• **DIRECTIONS FOR THIS TASK**: Make an exact copy of the lines from the top of the entries below through the line with "Bergfietsryers in Bloemfontein". Leave all pictures out.

::: PROVIDED RECORDS

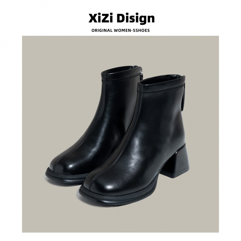 黑色增高靴子女时尚 新款 休闲皮面短靴 2025秋季 环球厚底马丁靴女款
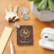 Crachá da crista Clan MacPherson cercado por uma correia e fivela sobre fundo tartano. Texto personalizado de ambos os lados.
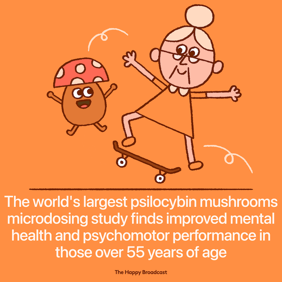 The paper shows how psilocybin (or magic mushrooms) microdosing is associated with general improvements in mood and mental health. Additionally, a finding specific to individuals over the age of 55 indicated that microdosing was associated with greater improvements in psychomotor performance relative to non-microdosers.
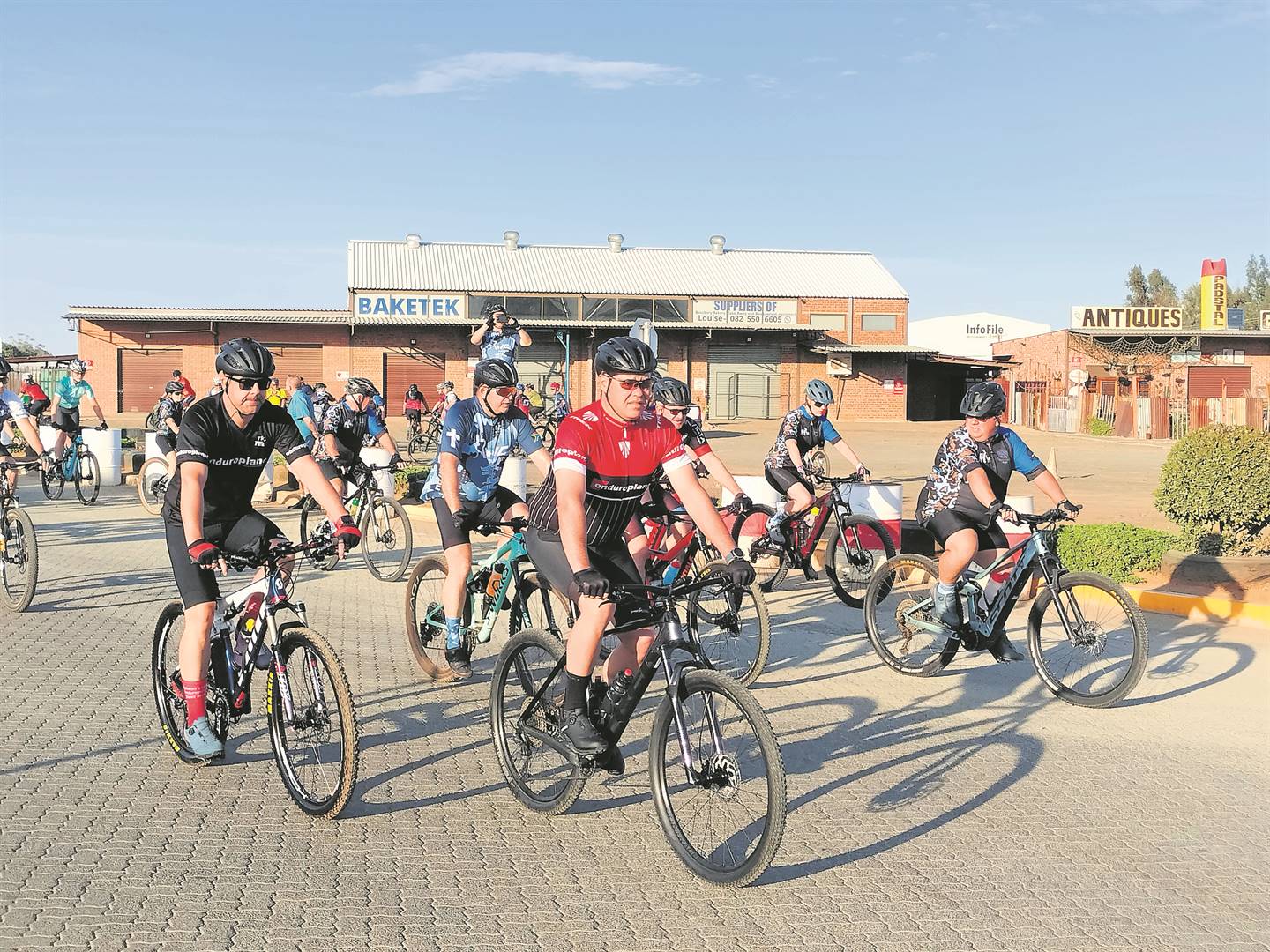Bergfietsryers in Bloemfontein het Saterdag by die vulstasie by Makro saamgetrek om ’n pretrit al met die agterpaaie langs na die De Oude Kraal-landgoed te onderneem. Die doel van die rit, wat kort ná 06:00 begin het, was onder meer om geld vir die Talita Cumi-kinderhuis in te samel. Die 108 fietsryers wat deelgeneem het, het R12 500 vir dié doel ingesamel. Foto: Lientjie Mentz
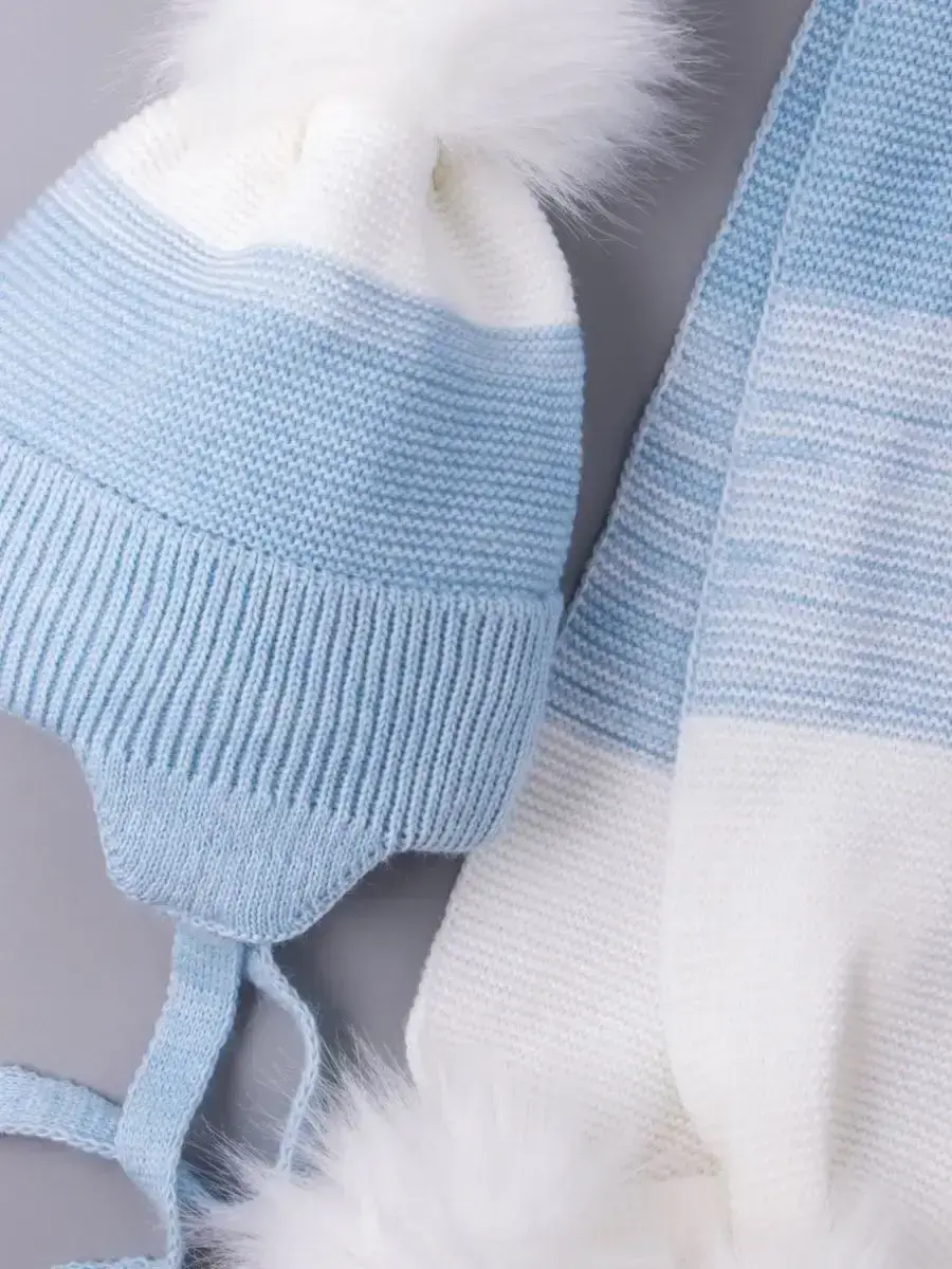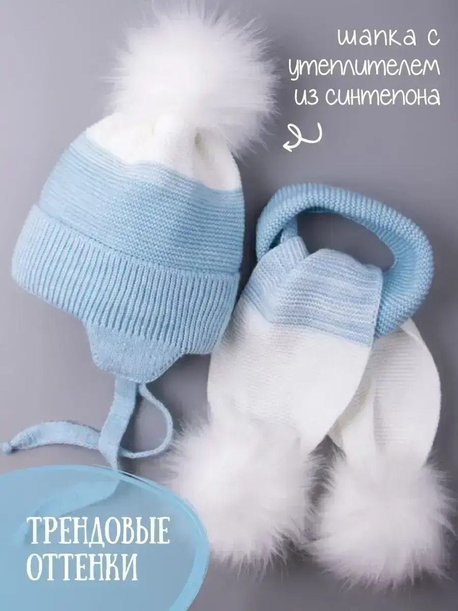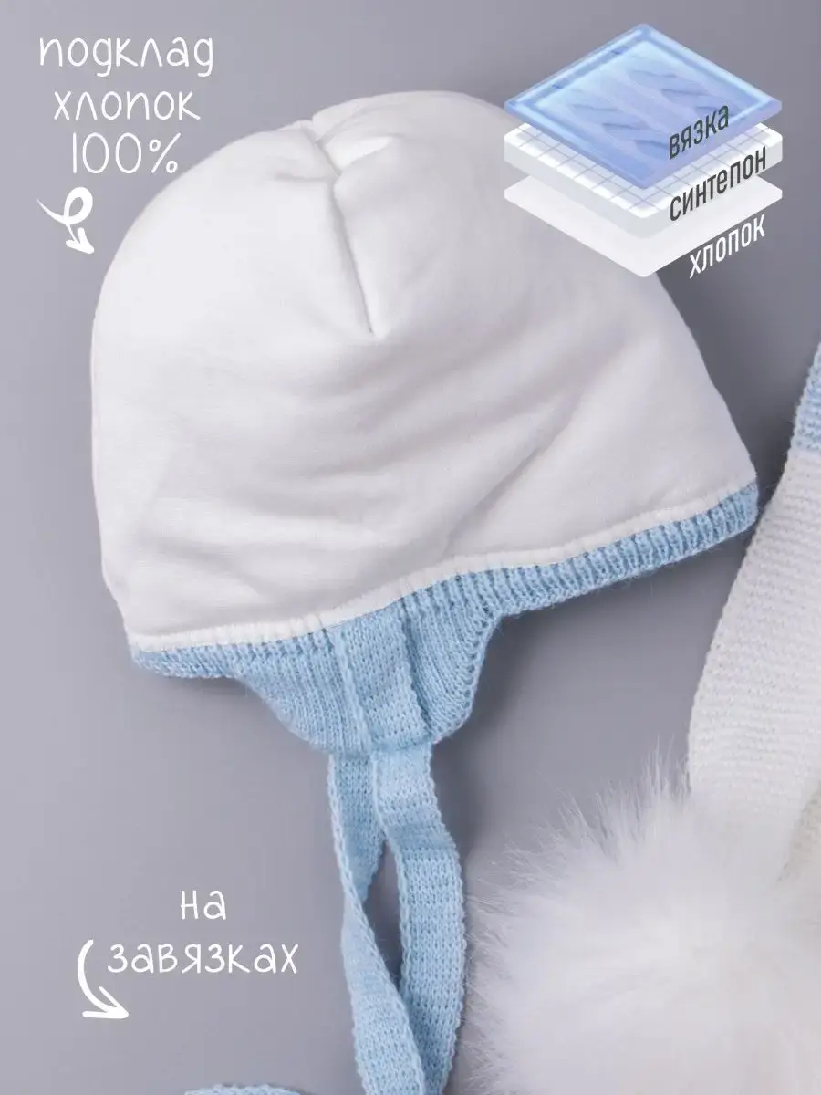 Шапка зимняя детская на завязках в комплекте с шарфом - это отличный вариант на зиму и холодную осень. Головной убор подойдет как для мальчика, так и для девочки. Модель утеплена синтепоном, поэтому Вашему ребенку будет комфортно в ней даже при -25С. Вязаная шапочка для мальчика и для девочки имеет подкладку из натурального хлопка, что позволяет лучше сохранять тепло. Шапка и шарфик идеальны для активного отдыха на свежем воздухе и длительных прогулок. Универсальные модные расцветки нашего зимнего комплекта хорошо сочетаются с любым гардеробом ребенка. Наш зимний комплект просто незаменимая вещь для школы и детского садика, а так же для прогулок на свежем воздухе. Чтобы меховые помпоны быстрее распушились мы рекомендуем подержать их над горячим паром (например, использовать фен) 2-3 секунды, а затем встряхнуть. Благодаря качественному составу пряжи (акрил) детский вязаный комплект будет радовать Вас не один сезон! По уходу за самим изделием своим клиентам мы рекомендуем бережную стирку (при t не более 30С) и сушку на горизонтальной поверхности в расправленном виде. Сделано в России.

::::::

• **RESULT OF THE TASK**:
 黑色增高靴子女时尚 新款 休闲皮面短靴 2025秋季 环球厚底马丁靴女款
 Crachá da crista Clan MacPherson cercado por uma correia e fivela sobre fundo tartano. Texto personalizado de ambos os lados.
 The paper shows how psilocybin (or magic mushrooms) microdosing is associated with general improvements in mood and mental health. Additionally, a finding specific to individuals over the age of 55 indicated that microdosing was associated with greater improvements in psychomotor performance relative to non-microdosers.
Bergfietsryers in Bloemfontein het Saterdag by die vulstasie by Makro saamgetrek om ’n pretrit al met die agterpaaie langs na die De Oude Kraal-landgoed te onderneem. Die doel van die rit, wat kort ná 06:00 begin het, was onder meer om geld vir die Talita Cumi-kinderhuis in te samel. Die 108 fietsryers wat deelgeneem het, het R12 500 vir dié doel ingesamel. Foto: Lientjie Mentz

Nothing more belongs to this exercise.